An (internally defined) cluster-specific group object is defined with:

    package HPCD::$cluster::Group;
    use Moose;

    ### required method definitions

    with 'HPCI::Group' => { StageClass => 'HPCD::$cluster::Stage' },
        # any other roles required ...
        ;

    ### cluster-specific method definition if any ...

DESCRIPTION

This role provides the generic interface for a group object which can configure and run a collection of stages (jobs) on machines in a cluster. It is written to be independent of the specifics of any particular cluster interface. The cluster-specific module that consumes this role is not accessed directly by the user program - they are provided with a group driver object of the appropriate cluster-specific type using the "class method" HPCI->group (with an appropriate cluster argument) to request an appropriate to build it.

ATTRIBUTES

name (optional)

The name of this group of stages. Defaults to 'default_group_name'. Not actually required for a group.

cluster

The type of cluster that will be used to execute the group of stages. This value is passed on internally by the HPCI->stage method when it creates a new stage, or by the group->subgroup method when it creates a new subgroup. Since it also uses that value to select the type of group object that is created, it is somewhat redundant.

base_dir (optional)

The directory that will contain all generated output (unless that output is specifically directed to some other location). The default is the current directory.

storage_classes (optional) (Not currently used, needs work)

HPCI has two conceptual storage types that it expects to be available.

Long-term storage is storage that is reliably preserved over time. The data in long-term storage is accessible to all nodes on the cluster, but possibly only accessible through special commands.

Working storage is storage that is directly-accessible to a node through normal file system access methods. It can be a private disk that is not accessible to other nodes, or it can be a shared file system that is available to other nodes.

It is fairly common, and most convenient, if the working storage also qualifies as long-term storage. That is the default expectation if HPCI is not told otherwise.

However, some types of cluster can have their nodes rebuilt at intervals, losing the data on their local disks. Some types of cluster have a shared file system that is not strongly persistent, but which can be rebuilt at intervals. Some types of cluster have shared file systems that have size limitations that mean that some or all of the data sets for stage processes cannot be stored there.

In such cases, some or all of the files must have a long-term storage location that is different from the more convenient working storage location that will be used when stages are running.
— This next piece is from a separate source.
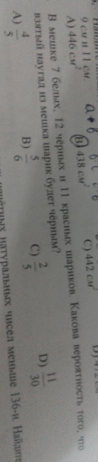 Правильный ответ С). Чёрных шариков 12 и общая сумма всех шариков 30..Получаем дробь 12/30 и сокращаем его на 6 выходит 2/5

Depending upon the environment, the long-term storage will use something like:

network accessed storage

A storage facility that allows file to be uploeded and downloaded through a netowrk connection (from any node in the cluster).

parent managed storage

The job controlling program may have long-term storage of it own that is not accessible to other nodes in the cluster. If there is a large enough shared file system (that for some reason cannot be used as long-term storage) the parent HPCI program can copy files between that storage and the shared storage as needed to make the files available and to preserve the results.

bundled storage

In a cloud layout there is often no file system shared amongst all of the nodes and the parent process. In this type of cluster, a submitted stage will include some sort of bundle containing a collection of data and control files (possibly even the entire operating system) to be used by the stage, and a similar sort of bundle is recovered to provide the results of running a stage. (This could be, for example, a docker image.)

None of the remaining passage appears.